Analgesia: A component of anesthesia in which the patient is unable to experience pain.
CO2 Absorption Canisters: Located in a circle system on an anesthesia machine that clears rebreathed gas that contains carbon dioxide by passing through a canister containing a chemical carbon dioxide absorbent.
Delirium: A portion of a stage of anesthesia in which the patient has a transient disturbance during a loss of consciousness accompanied by a change in cognition that has a fluctuating course.
Diffusion Hypoxia: Sometimes referred to as the Fink phenomenon; refers to the rapid exit of nitrous oxide and thus partial reduction of the percentage of oxygen that can be inhaled during the immediate (first 4 to 5 minutes) emergence phase of recovery from anesthesia. Supplemental oxygen and the use of the modified stir-up regime negate this effect of nitrous oxide on emergence.

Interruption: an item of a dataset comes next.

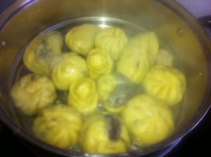 锅里水烧开,这个时间也足够让面团二次醒发了, 水开上锅大火蒸十分钟,

Effective Dose (ED): The dose of a drug necessary to produce a certain effect in a certain percentage of patients. For example, the ED50 is the term for when a drug produces a particular effect in 50% of patients.
Hypnosis: A component of anesthesia in which the patient becomes unconscious.
Inhalation Anesthesia: Anesthetic substances, in either volatile or gaseous form, that are inhaled via an anesthesia machine.
Lacrimation: Tears from the lacrimal glands on the medial side of the tissue surrounding the eyes.
Minimal Alveolar Concentration (MAC): A measure of potency of inhalation anesthetic agents; occurs when the equilibrium end-tidal anesthetic concentrations, expressed as a fraction of 1 atm, prevent movement in response to surgical skin incision in 50% of human subjects.
Muscle Relaxation: A component of anesthesia in which the patient has reduced tension of the skeletal muscle.
Nociception: A component of anesthesia in which the patient is unable to sense pain.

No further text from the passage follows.